Following Labor's win at the 1929 election, Anstey became Minister for Health and Minister for Repatriation in the government of Prime Minister James Scullin. But Scullin's government soon fell victim to the Great Depression. Anstey supported the Premier of New South Wales, Jack Lang, who advocated repudiating Australia's debts to British bondholders (see debt moratorium) and using the funds to create employment in order to increase production. This may be compared to Franklin D. Roosevelt's "New Deal." In March 1931 Anstey was dumped from the Ministry by the Labor Caucus for supporting the "Lang Plan".

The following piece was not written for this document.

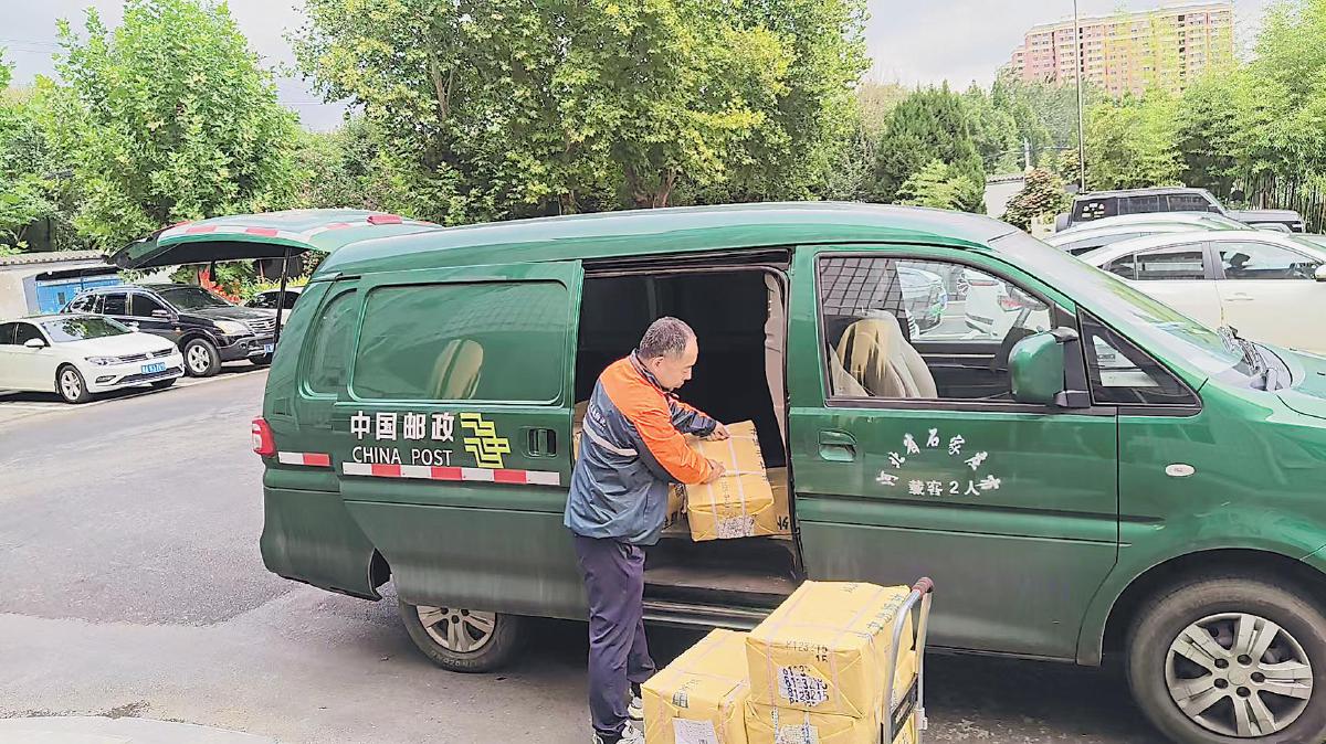 河北石家莊市分公司攬投員將重點政務(wù)圖書搬上郵車準(zhǔn)備配送。

Despite this, Anstey did not follow Lang out of the Labor Party. Demoralised and cynical, he stayed on the backbench until his retirement at the 1934 election, when he and his wife moved to Sydney. After his wife's death he moved back to Melbourne, where he died of cancer. Ironically, he had devoted his last years to financial speculation and had become a wealthy man.

==Legacy==
Anstey "came to personify Labor's left populist tradition". He is especially remembered as the mentor of John Curtin, on whom he had a great influence in Curtin's early years. Like Curtin, he was a heavy drinker. He wrote extensive unpublished memoirs, but burned them shortly before his death. It is often rumoured that he did that in a drunken rage, but that is unsubstantiated. Frank Hardy wrote in his book, The Hard Way, that Frank Anstey received a visit from John Wren (immortalised as "John West" in Hardy's other book Power Without Glory), who asked Anstey to eradicate any reference to him in Anstey's memoirs, to prevent them from becoming an exposé of Wren's gambling empire.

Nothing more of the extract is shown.